Now it is a bit more clear why we saw instantiate in a code snippet some time ago; to compute a monotype for a variable reference, we must take into account the possibility that the variable has a polymorphic type, which needs to be specialized (potentially differently in every occurrence of the variable).

When talking about our new typechecking algorithm, we mentioned using Gen to sprinkle polymorphism into our program. If it can, Gen will add free variables in a type to the “forall” quantifier at the front, making that type polymorphic. We implement this using a new generalize method added to the type_env, which (as per convention) generalizes the type of a given variable as much as possible:

31
32
33
34
35
36
37
38
39
40
41
void type_env::generalize(const std::string& name, type_mgr& mgr) {
    auto names_it = names.find(name);
    if(names_it == names.end()) throw 0;
    if(names_it->second->forall.size() > 0) throw 0;

    std::set<std::string> free_variables;
    mgr.find_free(names_it->second->monotype, free_variables);
    for(auto& free : free_variables) {
        names_it->second->forall.push_back(free);
    }
}

For now, we disallow types to be generalized twice, and we naturally disallow generalizing types of nonexistent variables. If neither of those things occurs, we find all the free variables in the variable’s current type using a new method called type_mgr::find_free, and put them into the “forall” quantifier. type_mgr::find_free is implemented as follows:

138
139
140
141
142
143
144
145
146
147
148
void type_mgr::find_free(const type_ptr& t, std::set<std::string>& into) const {
    type_var* var;
    type_ptr resolved = resolve(t, var);

    if(var) {
        into.insert(var->name);
    } else if(type_arr* arr = dynamic_cast<type_arr*>(resolved.get())) {
        find_free(arr->left, into);
        find_free(arr->right, into);
    }
}

The above code is fairly straightforward; if a type is a variable that is not yet bound to anything, it is free; if the type is a function, we search for free variables in its input and output types; otherwise, the type has no free variables.

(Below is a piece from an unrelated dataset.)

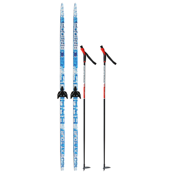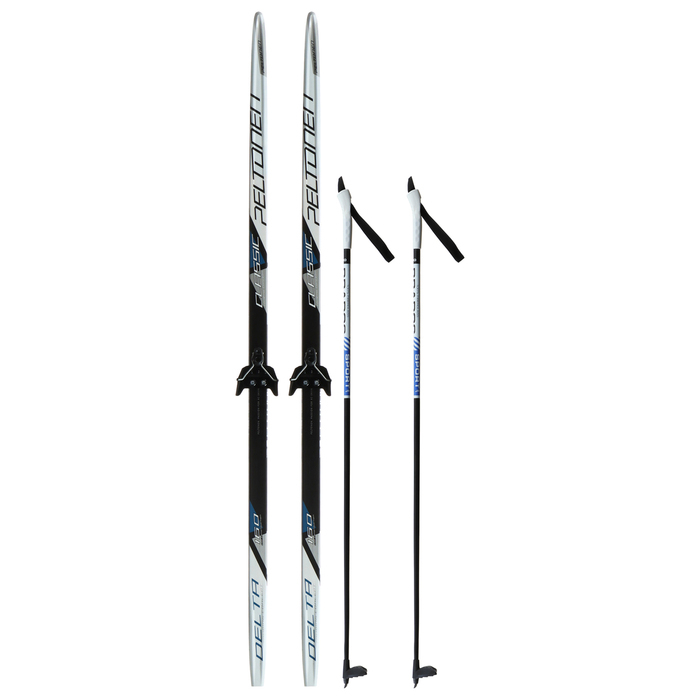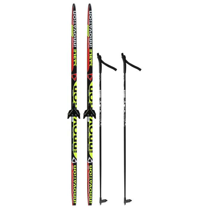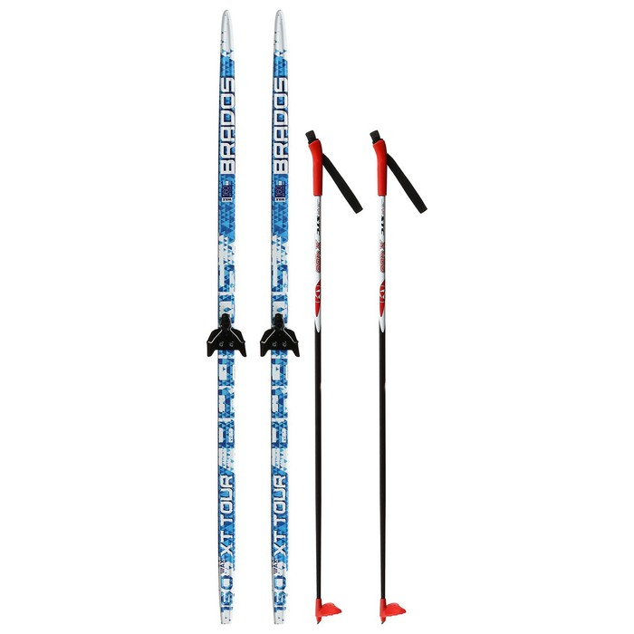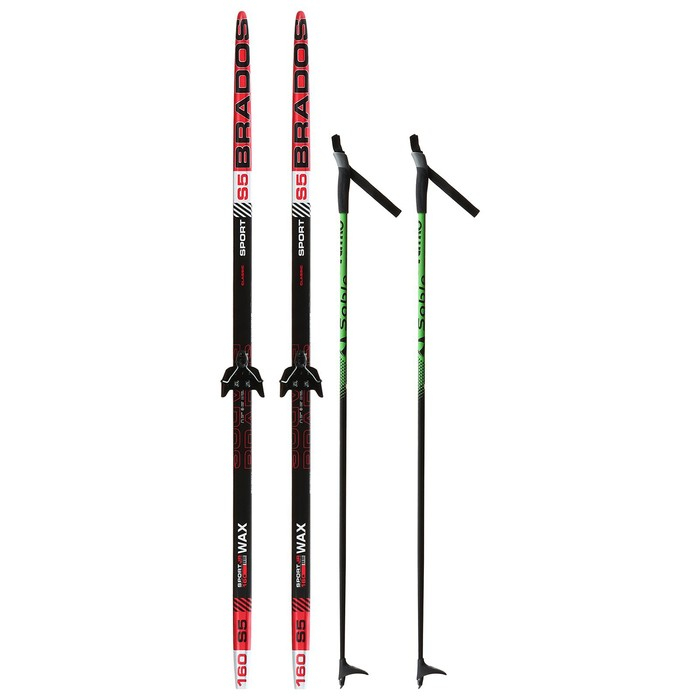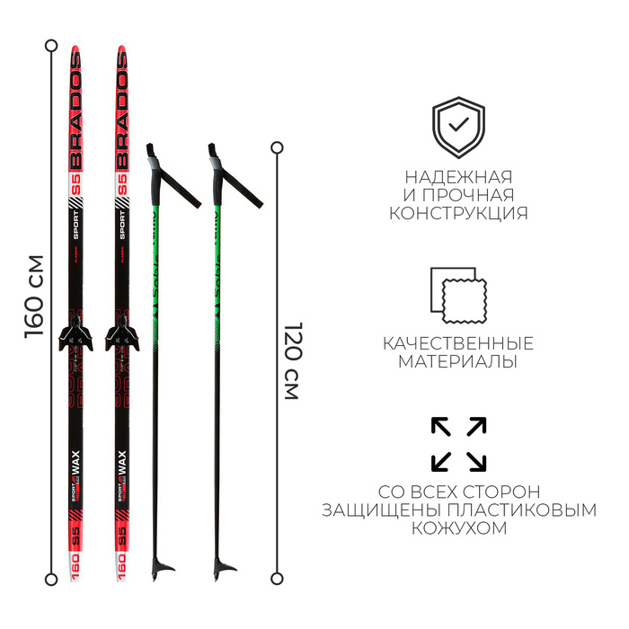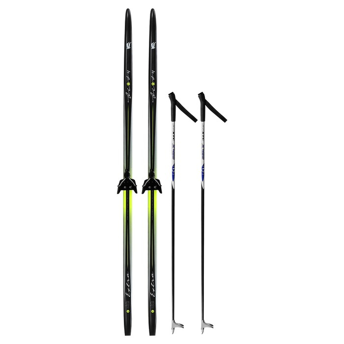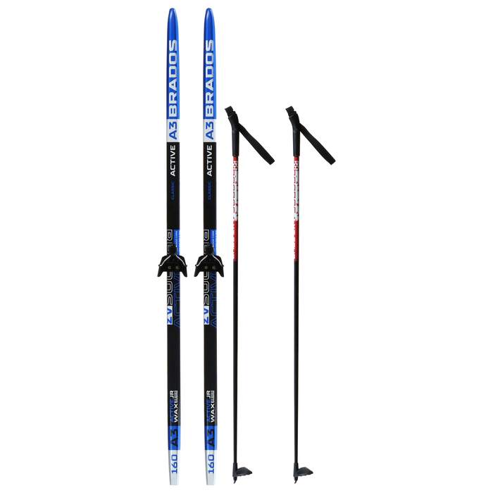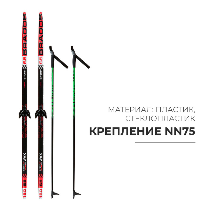 Комплект лыжный: пластиковые лыжи 160 см без насечек, стеклопластиковые палки 120 см, крепления NN75 мм, цвета МИКС

Finally, we have made the necessary changes. Let’s test it out with the example from the beginning:

data Bool = { True, False }
defn if c t e = {
    case c of {
        True -> { t }
        False -> { e }
    }
}
defn main = { if (if True False True) 11 3 }

Running it, we get the output:

3

Hooray!

While this is a major success, we are not yet done. Although our functions can now have polymorphic types, the same cannot be said for our data types! We want to have lists of integers and lists of booleans, without having to duplicate any code! While this also falls into the category of polymorphism, this post has already gotten very long, and we will return to it in part 11. Once we’re done with that, I still intend to go over let/in expressions, lambda functions, and Input/Output together with strings.